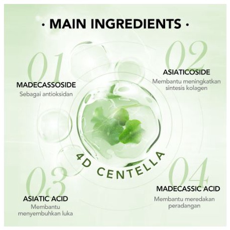- Centella Asiatica Extract: Menenangkan kulit, meredakan peradangan, dan anti-bakteri.
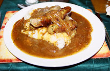 ・・・ 豚や羊の内臓を使った肉団子だ。内臓とタマネギのミンチを、セージ(サルビア)など季節の野菜と一緒に混ぜた具を丸め、焼いたもの。グレーヴィー・ソースで食す。堅く締め、水分を抜き、焼いた肉団子は携帯に向いていた。そのためかつて炭鉱夫らは、ファゴットを弁当として地下の坑道に持ち込むことを好んだという。左の写真は2005年8月、カーディフで撮影。レストランで出されたものだが、予想以上に柔らかく、素朴な味だった。 ![]() 2007年9月、スランドリス(Llandoris)で撮影。 ・・・ ウェールズに限らず、イギリス全土での定番料理だ。グレービー・ソースをたっぷりと敷いた海の中央に、マッシュ・ポテトの山を作る。その上に数本のソーセージを豪快に載せた一品である。ソーセージの直径は3センチを超えるものが多く、日本のそれを想像していると、驚かされること請け合いだ。ロンドンなどで注文すると、それなりにお洒落なスタイルで出されるが、ウェールズではそれは当てはまらない。下の写真(撮影:2006年ベリュー)から見て取れるように、農夫の食事を思わせる素朴かつ豪快な一品となる。 ![]() ![]() その名もケルト風ソーセージ(左)と、豚肉とリークのソーセージ。 (撮影:2007年カーディフ市場) ・・・ 豚は羊が広まる以前、ウェールズでは貴重な家畜だった。牛が一般的な家畜であったのに対し、豚は貴重種。それは『マビノギオン』第4話で、アンヌーヴンから贈り物として贈られた豚を求めて争いが起きるほどである。故に豚料理に、ウェールズ語と英語の両方からなる名前がついていても不思議ではない。 豚肉の切り身に衣をつけ、バターで両面がきつね色になるまで揚げる。それを鍋に移し、トマト・ソース(大サジ2)、スープ(肉系の固形スープを溶かしたもの)、月桂樹に塩、胡椒を加えて蓋をする。そして180℃で約1時間焼く。最後に小さなキノコを加える。これがベイノ・ポークである。してみると、ウェールズ風焼き豚カツかな? *ハーベスト・ホット・ポット(Potes Mis Medi / Harvest Hot Pot) ・・・ 大きな深鍋を火にかけ、その内側でバターを溶かす。ベーコンや角切りの子羊の肉をきつね色になるまで炒め、そこに人参、ジャガイモ、リーク、玉ねぎ、カブラなどの野菜を切ったものを入れ、香辛料とたっぷりの水を加える。それを弱火で2時間煮込めば、出来上がり。実にウェールズらしい料理だ。 この料理はジャガイモの収穫期に作られた。鍋ひとつで料理が済むうえに、複雑な工程や微妙な温度加減などが不要のためである。つまり料理の下ごしらえをした鍋を火の上に放置し、その間に収穫に専念する。そうすることで夜遅くに畑仕事から帰ってきても、夕食にすぐにありつけるというわけだ。 余談ながら、かつてウェールズの学校には「ポテト収穫ウィーク」(Wythnos Hela Tatws)があったとか。この時に親子総出で畑に出かけ、一日働き、帰ってきてからこの料理に舌鼓を打ったことだろう。 *ステーキ・アンド・キドニー・パイ(Steak and Kidney Pie)
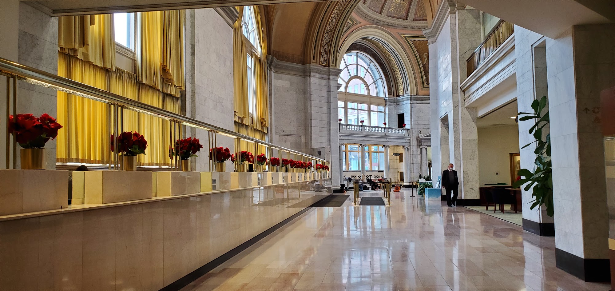 Certainly the most beautiful interesting bank I have ever met. Its architecture stands out in the street with its imposing style, with giant windows and golden roof. The interior does not disappoint, with the ceiling decorated with motifs referring to industry, commerce, the arts and power.
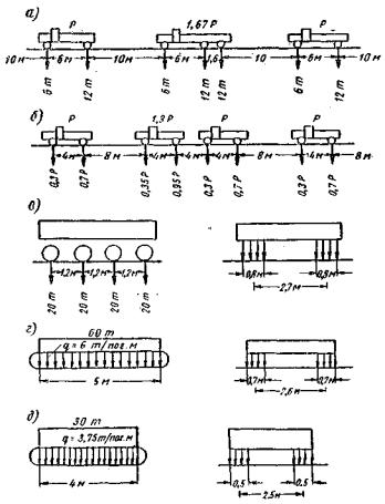Рис. 110. Схемы нагрузок: Основные показатели для автомобилей расчетных колонн по схемам Н-18, Н-13, Н-10 и Н-8 указаны в табл. 238. Основные показатели для расчетных машин по схемам НК-80, НГ-60 и НГ-30 указаны в табл. 240. Количество расчетных колонн автомобилей, устанавливаемых по ширине проезжен части, может быть любое, вызывающее максимальное усилие в его элементах или конструкциях при условии, что: расстояние между кузовами соседних машин должно быть не менее 0,1 м; габарит расчетного автомобиля не выступает за пределы проезжей части. Вдоль моста длина расчетной колонны не ограничивается; направление движения всех расчетных колонн принимается в одну сторону. Подвижная колесная нагрузка НК-80 или гусеничные НГ-60 и НГ-30 принимаются каждая состоящей из одной расчетной машины, установленной в расчетном положении на проезжей части параллельно оси сооружения. Величина подвижной автомобильной нагрузки при расчете конструкций искусственных сооружений, для которых расчетным загружением является одновременное загружение тремя и более колоннами автомобилей, умножается на коэффициент: а) при загружении тремя колоннами - 0,85; б) при загружении четырьмя и более колоннами - 0,75. Нагрузка от толпы на дорогах всех категорий принимается в виде равномерно распределённой нагрузки интенсивностью 300 кг/м2, расположенной только на тротуарах. Нагрузка толпой учитывается одновременно с автомобильной нагрузкой. В мостах, на которых тротуары отсутствуют, нагрузка не учитывается. При расчете пешеходных мостов нагрузка от толпы принимается интенсивностью в 400 кг/м2. Настил тротуара, кроме расчета на нагрузку от толпы, проверяется на сосредоточенный груз в 130 кг. При определении усилий по линиям влияния обычно пользуются эквивалентными нагрузками. Ниже приведены эквивалентные нагрузки в тоннах на 1 пог. м с соответствующими пояснениями. Подвижная вертикальная нагрузка для городских мостов Для расчета городских мостов применяются следующие подвижные вертикальные нагрузки: автомобильная, трамвайная, троллейбусная, колесная, гусеничная и толпа. По особым заданиям учитываются: электровоз промышленного типа, железнодорожная нагрузка (поезда), железнодорожная вагонная нагрузка. Автомобильная колесная и гусеничная нагрузки принимаются по нормам для расчета автодорожных мостов (Н-106-53). Городские мосты, рассчитанные на автомобильные нагрузки Н-10 и Н-13, особой проверки на пропуск троллейбусов не требуют. Нормативная трамвайная нагрузка1. Техническими условиями МКХ РСФСР 1948 г. предусматриваются два класса трамвайной нагрузки - Т-13 и Т-11 (числа 13 и 11 обозначают давление в тоннах на ось нормативного моторного вагона). 1 В настоящее время в связи с пересмотром ТУ МКХ 1948 г. пересматривается также и вопрос о трамвайных нагрузках. Фактические трамвайные нагрузки, находящиеся в обращении, наиболее ближе соответствуют нормальной нагрузке Т-11, тогда как Т-13 является выше их. Мосты, рассчитываемые под нагрузку Н-13 и выше, не потребуют проверки на трамвайную нагрузку Т-11, а нагрузка Т-13, которая в некоторых случаях может давать большие расчетные усилия, является нереальной нагрузкой. Вследствие этого предполагается внести существенные изменения в правила применения трамвайных нагрузок для расчета городских мостов. Схема трамвайных поездов в плане приведена на рис. 111.
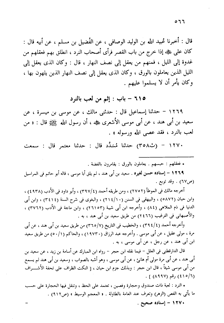 1269- حَدثنا إِسْمَاعِيلُ قَالَ: حَدَّثَنِي مَالِكٌ، عَنْ مُوسَى بْنِ مَيْسَرَةَ، عَنْ سَعِيدِ بْنِ أَبِي هِنْدَ، عَنْ أَبِي مُوسَى الأَشْعَرِيِّ، أَنَّ رَسُولَ اللهِ صَلى الله عَلَيهِ وسَلم قَالَ: مَنْ لَعِبَ بِالنَّرْدِ فَقَدْ عَصَى اللهَ وَرَسُولَهُ.
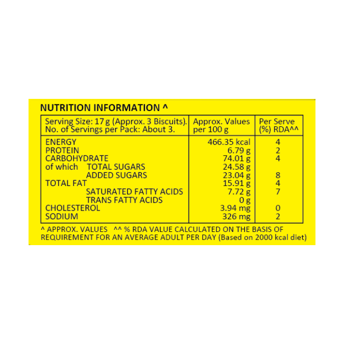Serving Size: 17 g (Approx. 3 Biscuits). No. of Servings per Pack: About 3. Approx. Values per 100 g Per Serve (%) RDA^^
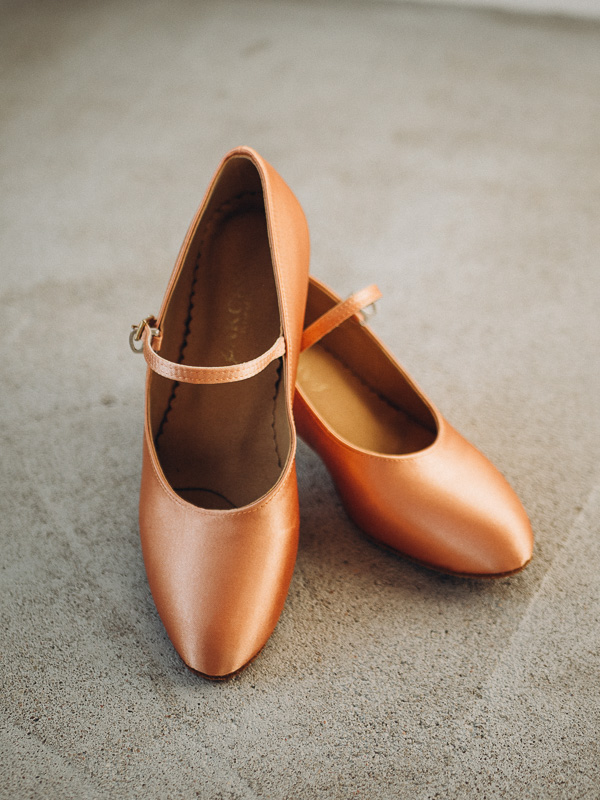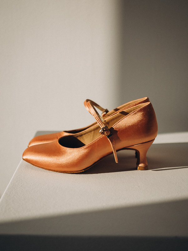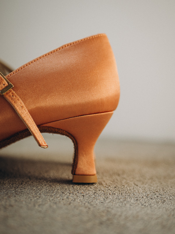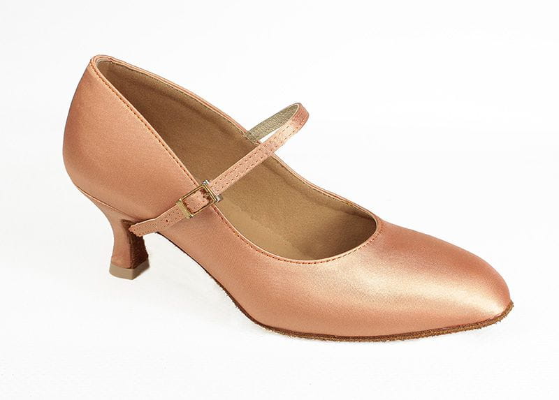 Refined English satin in a deep nude tone gives these shoes a delicate, elegant appearance that matches most ballroom costumes.
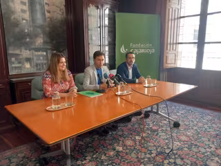 El presidente de CEIP RURAL LA RIOJA, Daniel Osés, ha presentado estas becas junto a la gerente de la entidad, Marta García, y el responsable de Acción Social de CaixaBank en la territorial Ebro, Jorge García.
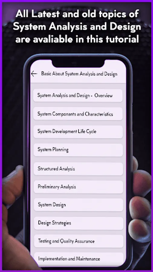 System Analysis and Design - Home, System Analysis & Design - Overview, System Development Life Cycle, System Planning, Structured Analysis, System Design, Design Strategies, Input / Output & Forms Design, Testing and Quality Assurance, Implementation & Maintenance, System Security and Audit, Object-Oriented Approach.

______

▸ **Exercise objective**
Transcribe the material exactly, leaving every picture out.

▸ **Task result**
- Centella Asiatica Extract: Menenangkan kulit, meredakan peradangan, dan anti-bakteri.
 ・・・ 豚や羊の内臓を使った肉団子だ。内臓とタマネギのミンチを、セージ(サルビア)など季節の野菜と一緒に混ぜた具を丸め、焼いたもの。グレーヴィー・ソースで食す。堅く締め、水分を抜き、焼いた肉団子は携帯に向いていた。そのためかつて炭鉱夫らは、ファゴットを弁当として地下の坑道に持ち込むことを好んだという。左の写真は2005年8月、カーディフで撮影。レストランで出されたものだが、予想以上に柔らかく、素朴な味だった。 ![]() 2007年9月、スランドリス(Llandoris)で撮影。 ・・・ ウェールズに限らず、イギリス全土での定番料理だ。グレービー・ソースをたっぷりと敷いた海の中央に、マッシュ・ポテトの山を作る。その上に数本のソーセージを豪快に載せた一品である。ソーセージの直径は3センチを超えるものが多く、日本のそれを想像していると、驚かされること請け合いだ。ロンドンなどで注文すると、それなりにお洒落なスタイルで出されるが、ウェールズではそれは当てはまらない。下の写真(撮影:2006年ベリュー)から見て取れるように、農夫の食事を思わせる素朴かつ豪快な一品となる。 ![]() ![]() その名もケルト風ソーセージ(左)と、豚肉とリークのソーセージ。 (撮影:2007年カーディフ市場) ・・・ 豚は羊が広まる以前、ウェールズでは貴重な家畜だった。牛が一般的な家畜であったのに対し、豚は貴重種。それは『マビノギオン』第4話で、アンヌーヴンから贈り物として贈られた豚を求めて争いが起きるほどである。故に豚料理に、ウェールズ語と英語の両方からなる名前がついていても不思議ではない。 豚肉の切り身に衣をつけ、バターで両面がきつね色になるまで揚げる。それを鍋に移し、トマト・ソース(大サジ2)、スープ(肉系の固形スープを溶かしたもの)、月桂樹に塩、胡椒を加えて蓋をする。そして180℃で約1時間焼く。最後に小さなキノコを加える。これがベイノ・ポークである。してみると、ウェールズ風焼き豚カツかな? *ハーベスト・ホット・ポット(Potes Mis Medi / Harvest Hot Pot) ・・・ 大きな深鍋を火にかけ、その内側でバターを溶かす。ベーコンや角切りの子羊の肉をきつね色になるまで炒め、そこに人参、ジャガイモ、リーク、玉ねぎ、カブラなどの野菜を切ったものを入れ、香辛料とたっぷりの水を加える。それを弱火で2時間煮込めば、出来上がり。実にウェールズらしい料理だ。 この料理はジャガイモの収穫期に作られた。鍋ひとつで料理が済むうえに、複雑な工程や微妙な温度加減などが不要のためである。つまり料理の下ごしらえをした鍋を火の上に放置し、その間に収穫に専念する。そうすることで夜遅くに畑仕事から帰ってきても、夕食にすぐにありつけるというわけだ。 余談ながら、かつてウェールズの学校には「ポテト収穫ウィーク」(Wythnos Hela Tatws)があったとか。この時に親子総出で畑に出かけ、一日働き、帰ってきてからこの料理に舌鼓を打ったことだろう。 *ステーキ・アンド・キドニー・パイ(Steak and Kidney Pie)
 Certainly the most beautiful interesting bank I have ever met. Its architecture stands out in the street with its imposing style, with giant windows and golden roof. The interior does not disappoint, with the ceiling decorated with motifs referring to industry, commerce, the arts and power.
Рис. 110. Схемы нагрузок: Основные показатели для автомобилей расчетных колонн по схемам Н-18, Н-13, Н-10 и Н-8 указаны в табл. 238. Основные показатели для расчетных машин по схемам НК-80, НГ-60 и НГ-30 указаны в табл. 240. Количество расчетных колонн автомобилей, устанавливаемых по ширине проезжен части, может быть любое, вызывающее максимальное усилие в его элементах или конструкциях при условии, что: расстояние между кузовами соседних машин должно быть не менее 0,1 м; габарит расчетного автомобиля не выступает за пределы проезжей части. Вдоль моста длина расчетной колонны не ограничивается; направление движения всех расчетных колонн принимается в одну сторону. Подвижная колесная нагрузка НК-80 или гусеничные НГ-60 и НГ-30 принимаются каждая состоящей из одной расчетной машины, установленной в расчетном положении на проезжей части параллельно оси сооружения. Величина подвижной автомобильной нагрузки при расчете конструкций искусственных сооружений, для которых расчетным загружением является одновременное загружение тремя и более колоннами автомобилей, умножается на коэффициент: а) при загружении тремя колоннами - 0,85; б) при загружении четырьмя и более колоннами - 0,75. Нагрузка от толпы на дорогах всех категорий принимается в виде равномерно распределённой нагрузки интенсивностью 300 кг/м2, расположенной только на тротуарах. Нагрузка толпой учитывается одновременно с автомобильной нагрузкой. В мостах, на которых тротуары отсутствуют, нагрузка не учитывается. При расчете пешеходных мостов нагрузка от толпы принимается интенсивностью в 400 кг/м2. Настил тротуара, кроме расчета на нагрузку от толпы, проверяется на сосредоточенный груз в 130 кг. При определении усилий по линиям влияния обычно пользуются эквивалентными нагрузками. Ниже приведены эквивалентные нагрузки в тоннах на 1 пог. м с соответствующими пояснениями. Подвижная вертикальная нагрузка для городских мостов Для расчета городских мостов применяются следующие подвижные вертикальные нагрузки: автомобильная, трамвайная, троллейбусная, колесная, гусеничная и толпа. По особым заданиям учитываются: электровоз промышленного типа, железнодорожная нагрузка (поезда), железнодорожная вагонная нагрузка. Автомобильная колесная и гусеничная нагрузки принимаются по нормам для расчета автодорожных мостов (Н-106-53). Городские мосты, рассчитанные на автомобильные нагрузки Н-10 и Н-13, особой проверки на пропуск троллейбусов не требуют. Нормативная трамвайная нагрузка1. Техническими условиями МКХ РСФСР 1948 г. предусматриваются два класса трамвайной нагрузки - Т-13 и Т-11 (числа 13 и 11 обозначают давление в тоннах на ось нормативного моторного вагона). 1 В настоящее время в связи с пересмотром ТУ МКХ 1948 г. пересматривается также и вопрос о трамвайных нагрузках. Фактические трамвайные нагрузки, находящиеся в обращении, наиболее ближе соответствуют нормальной нагрузке Т-11, тогда как Т-13 является выше их. Мосты, рассчитываемые под нагрузку Н-13 и выше, не потребуют проверки на трамвайную нагрузку Т-11, а нагрузка Т-13, которая в некоторых случаях может давать большие расчетные усилия, является нереальной нагрузкой. Вследствие этого предполагается внести существенные изменения в правила применения трамвайных нагрузок для расчета городских мостов. Схема трамвайных поездов в плане приведена на рис. 111.
 1269- حَدثنا إِسْمَاعِيلُ قَالَ: حَدَّثَنِي مَالِكٌ، عَنْ مُوسَى بْنِ مَيْسَرَةَ، عَنْ سَعِيدِ بْنِ أَبِي هِنْدَ، عَنْ أَبِي مُوسَى الأَشْعَرِيِّ، أَنَّ رَسُولَ اللهِ صَلى الله عَلَيهِ وسَلم قَالَ: مَنْ لَعِبَ بِالنَّرْدِ فَقَدْ عَصَى اللهَ وَرَسُولَهُ.
Serving Size: 17 g (Approx. 3 Biscuits). No. of Servings per Pack: About 3. Approx. Values per 100 g Per Serve (%) RDA^^
 Refined English satin in a deep nude tone gives these shoes a delicate, elegant appearance that matches most ballroom costumes.
 El presidente de CEIP RURAL LA RIOJA, Daniel Osés, ha presentado estas becas junto a la gerente de la entidad, Marta García, y el responsable de Acción Social de CaixaBank en la territorial Ebro, Jorge García.
 System Analysis and Design - Home, System Analysis & Design - Overview, System Development Life Cycle, System Planning, Structured Analysis, System Design, Design Strategies, Input / Output & Forms Design, Testing and Quality Assurance, Implementation & Maintenance, System Security and Audit, Object-Oriented Approach.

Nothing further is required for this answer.